MRI, magnetic resonance imaging; GE, gradient echo pulse; FSPGR, fast spoiled gradient sequence; MPRAGE, magnetization-prepared rapid acquisition with gradient echo sequence; SPGR, spoiled gradient recalled sequence; SPM, statistical parametric mapping; fALFF, fractional amplitude of low-frequency fluctuation; ALFF, amplitude of low-frequency fluctuation; ReHo, regional homogeneity; TR, repetition time for the whole pulse sequence in MRI; TE, echo time i.e., Time between middle of exciting RadioFrequency pulse and middle of spin echo production; data processing assistant for resting-state fMRI (DPARSF).
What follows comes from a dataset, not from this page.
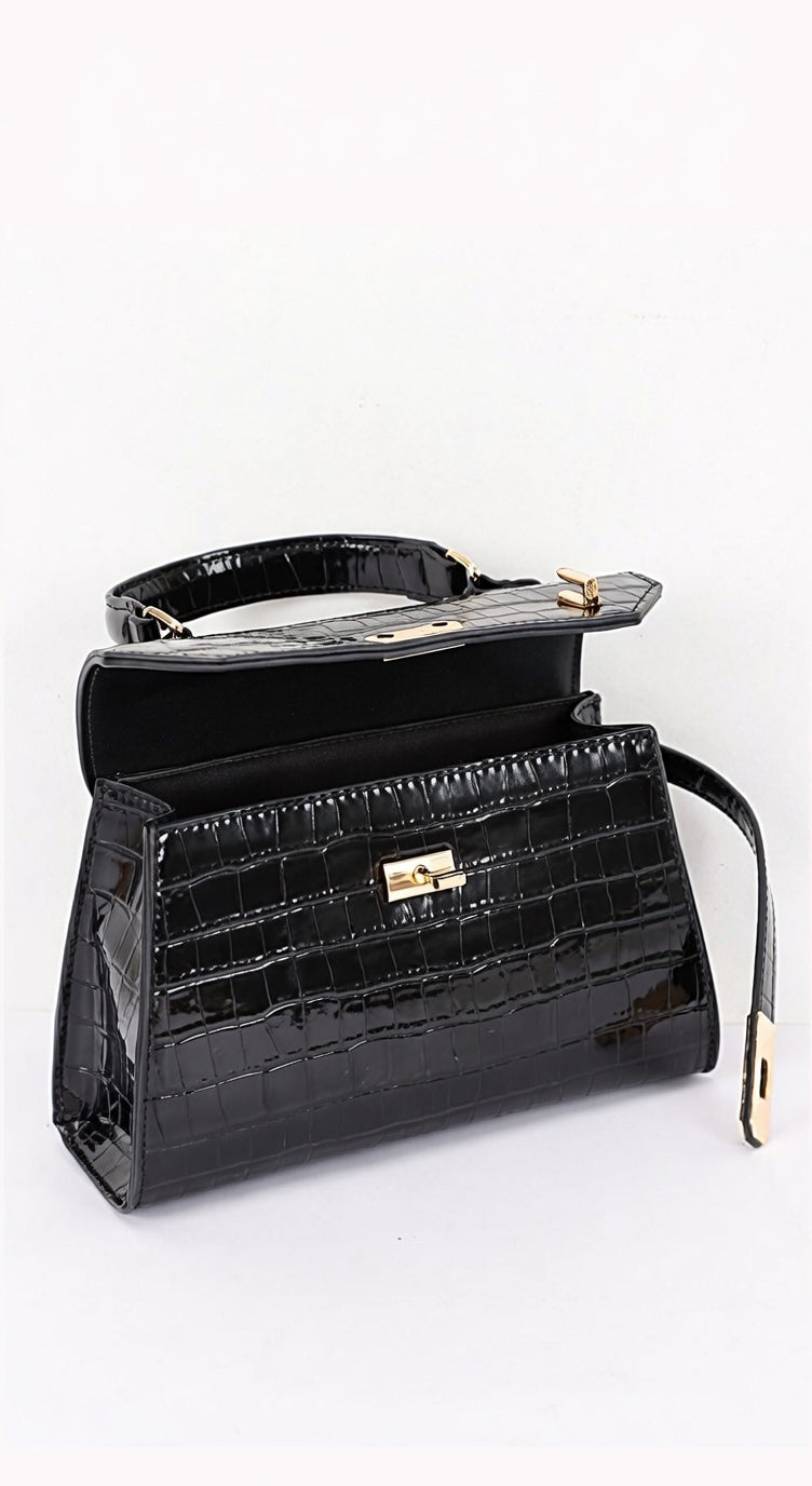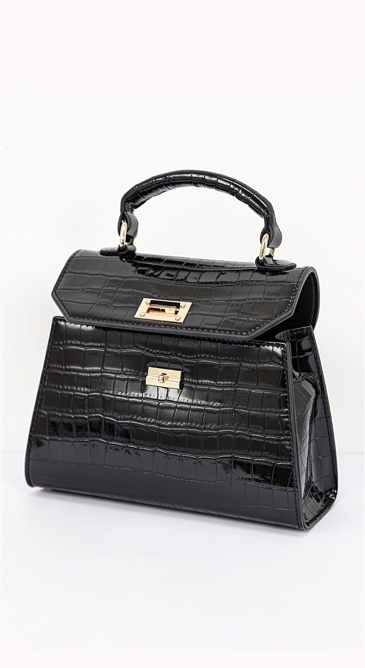Siena Vegan Leather Top Handle Shoulder Bag - Black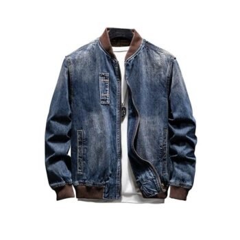 Men’s Casual Denim Bomber Jacket – Classic Autumn/Winter Fashion

3.3. Assessment of methodological quality

The methodological quality of included studies ranges from 16 to 19 points. In Category 1 (Sample characteristics), the patients from all included studies were evaluated with specific standardized diagnostic criteria (item 1), and all the important demographic data (item 2) were reported. While only 6 studies (Peng, 2013; Zhang, 2016; Li et al., 2017; Ning et al., 2017; Wang, 2019; Liu S. et al., 2021) recruited healthy comparison subjects and provided demographic data (item 3), only 1 study (Jia, 2021) reported important clinical variables (item 4), and the sample size per group of 11 studies (Peng, 2013; Zhao et al., 2014; Xie, 2016; Zhang, 2016; Cai, 2017; Li et al., 2017; Ning et al., 2017; Zhang, 2019; Jia, 2021; Liu S. et al., 2021; Zhang Y. et al., 2021) were > 10 (item 5). In Category 2 (Methodology and reporting), all the items were adequately reported. The detailed information of the methodological quality of included studies are shown in Supplementary Table 3. The modified version of checklist is provided in Supplementary Table 4.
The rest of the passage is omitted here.